N — An input integer which indicates the column size of the global array which is being described.

MB — An input integer which indicates the blocking factor used to distribute the rows of the matrix being described.

NB — An input integer which indicates the blocking factor used to distribute the columns of the matrix being described.

IRSRC — An input integer which indicates the processor grid row over which the first row of the array being described is distributed.

ICSRC — An input integer which indicates the processor grid column over which the first column of the array being described is distributed.

ICTXT — An input integer which indicates the BLACS context handle.

LLD — An input integer indicating the leading dimension of the local array which is to be used for storing the local blocks of the array being described

INFO — An output integer indicating whether or not the call was successful. INFO = 0 indicates a successful exit. INFO = -i indicates the i-th argument had an illegal value.

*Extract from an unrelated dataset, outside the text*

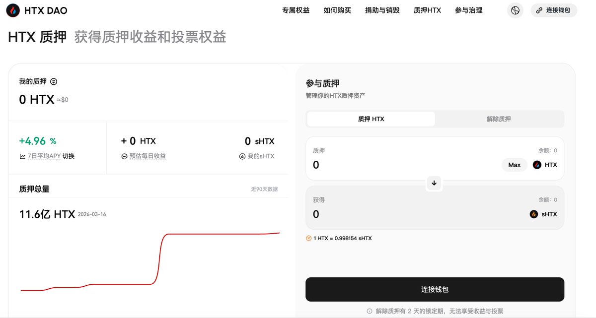 2/ 打开HTX DAO官网的质押界面连接钱包将你的HTX质押。

This call is equivalent to the following assignment statements:

DESCA(1) = 1               ! This is the descriptor
                           ! type. In this case,  1.
DESCA(2) = ICTXT
DESCA(3) = M
DESCA(4) = N
DESCA(5) = MB
DESCA(6) = NB
DESCA(7) = IRSRC
DESCA(8) = ICSRC
DESCA(9) = LLD

The IMSL Library routines which interface with ScaLAPACK routines use IRSRC = 0 and ICSRC = 0 for the internal calls to DESCINIT.

Supporting Modules

We recommend that users needing routines from ScaLAPACK, PBLAS or BLACS, Version 1.4, use modules that describe the interface to individual codes. This practice, including use of the declaration directive, IMPLICIT NONE, is a reliable way of writing ScaLAPACK application code, since the routines may have lengthy lists of arguments. Using the modules is helpful to avoid the mistakes such as missing arguments or mismatches involving Type, Kind or Rank (TKR). The modules are part of the Fortran Library product. There is a comprehensive module, ScaLAPACK_Support, that includes use of all the modules in the table below. This module decreases the number of lines of code for checking the interface, but at the cost of increasing source compilation time compared with using individual modules.

Module Name

Contents of the Module

ScaLAPACK_Support

All of the following modules

ScaLAPACK_Int

All interfaces to ScaLAPACK routines

PBLAS_Int

All interfaces to parallel BLAS, or PBLAS

BLACS_Int

All interfaces to basic linear algebra communication routines, or BLACS

TOOLS_Int

Interfaces to ancillary routines used by ScaLAPACK, but not in other packages

LAPACK_Int

All interfaces to LAPACK routines required by ScaLAPACK

ScaLAPACK_IO_Int

All interfaces to ScaLAPACK_READ, ScaLAPACK_WRITE utility routines. See this Chapter.

MPI_Node_Int

The module holding data describing the MPI communicator, MP_LIBRARY_WORLD. See Dense Matrix Parallelism Using MPI.

GRIDINFO_Int

The module holding data describing the processor grid and information required to map the target array to the processors. See the Description section of ScaLAPACK_SETUP below.

ScaLAPACK_MAP_Int

The interface to the ScaLAPACK_MAP utility routines.

ScaLAPACK_UNMAP_Int

The interface to the ScaLAPACK_UNMAP utility routines.